Qualcun altro invece si è sacrificato per la gioia degli altri considerando la propria vita meno importante di quella altrui, provando un tipo di amore unilaterale, un amore sterile poiché privo del bene per se stessi e per la propria vita.
Chi abbia ragione di tutti questi?
Nessuno. O forse tutti.
Avere uno scopo di vita non ci rende la vita migliore. Forse ci fa credere che lo sia, ma è proprio questo il punto: credere che lo sia.
In cosa vogliamo credere
Credere è un pensiero come lo sono le convinzioni, le supposizioni, gli ideali.
Quando si parla di pensiero, è plausibile che si sappia cosa intendo, ma non sempre si ha un quadro completo e immediato.
Un pensiero è, in altre parole, semplice energia che scorre nella mente. Esso si forma in vari modi: può essere generato direttamente dai nostri sensi i quali catturano costantemente la realtà che ci circonda attraverso suoni, immagini, odori, sapori e percezioni tattili. Molto spesso questa nostra capacità di produrre pensieri è inconscia. Ci comportiamo come spugne, assorbiamo la realtà senza rendercene conto e formiamo ricordi in continuazione.

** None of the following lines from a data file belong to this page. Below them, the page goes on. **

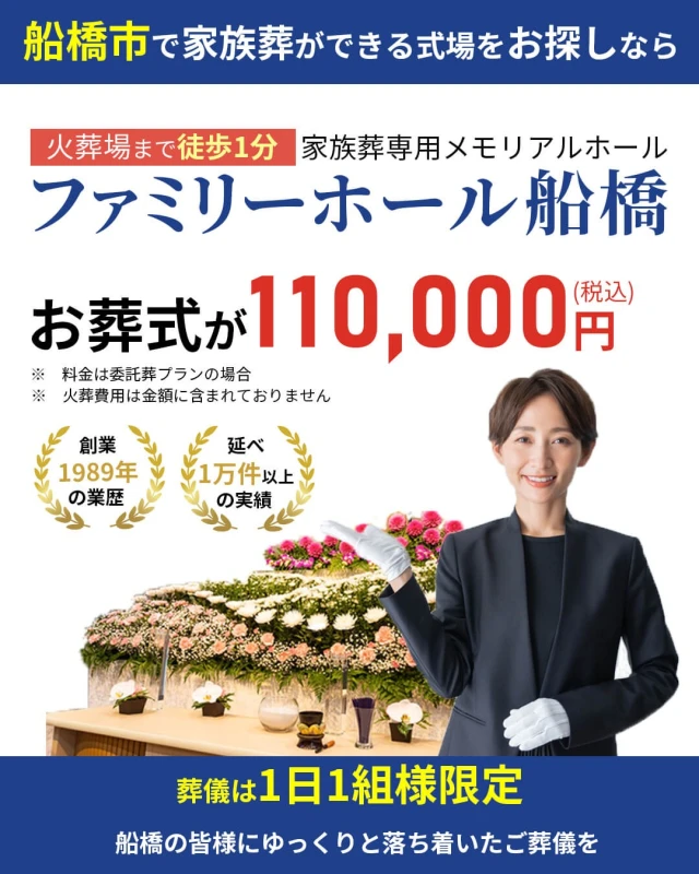 千葉県船橋市の「ファミリーホール船橋」では、事前にすべての費用を明示した明朗な見積もりをご提示し、ご家族が安心して準備を進められるよう努めています。365日24時間体制でご相談・ご搬送に対応しており、深夜や早朝でもスムーズなご対応が可能です。地域密着型の葬儀社として、ご家族との距離感を大切にしながら、必要なときに必要な支援をお届けします。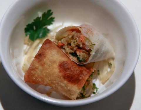 ...明显:馅料虽然基本齐全,但是偏素不够香,薄饼皮也比较单薄,好在香菜海苔炸米粉管够撑起口感一片天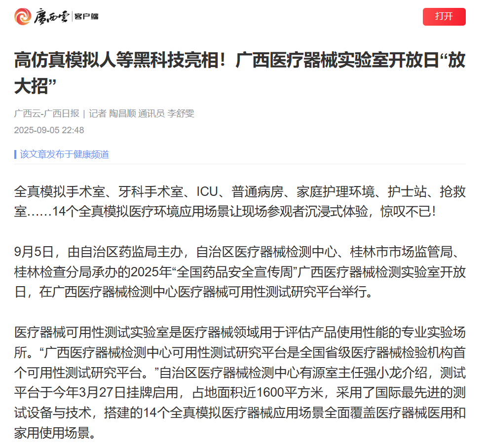 9月5日,由918博天堂主办,自治区医疗器械检测中心、桂林市市场监管局、桂林检查分局承办的2025年“全国药品安全宣传周”广西医疗器械检测实验室开放日,在广西医疗器械检测中心医疗器械可用性测试研究平台举行。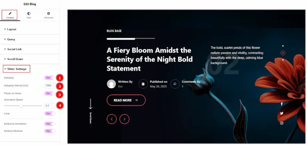 2. Autoplay Interval (ms): This option lets you set the time delay between each slide transition.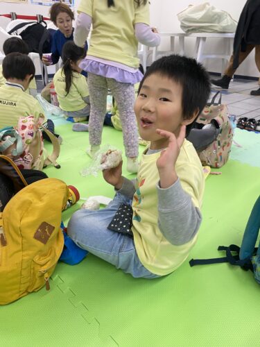 たくさん遊んだあとは「おなかすいたー!」「おにぎり楽しみー!」と

Siamo capaci inoltre di elaborazioni sensoriali molto complesse, sappiamo comporre ricordi articolati che non riguardano la singola e isolata sensazione, ma si compongono di svariati input sensoriali in un unico grande quadro percettivo del momento vissuto.
Oltre a inglobare ed elaborare la realtà percepita
immagazzinandola in energia racchiusa nella nostra mente, sappiamo fare di più, sappiamo utilizzare i pensieri di base per comporre riflessioni via via più complicate, come le proiezioni future, i calcoli matematici, le fantasie, la creatività, l’ingegno.
Tutto questo è ciò che io definisco in un'unica parola: pensiero.
A sua volta il pensiero complesso, quello cioè relativo alle nostre riflessioni, può suddividersi in più tipologie. Due quelle su cui ritengo di dover porre l’accento:
Il pensiero diretto e il pensiero nascosto o indiretto.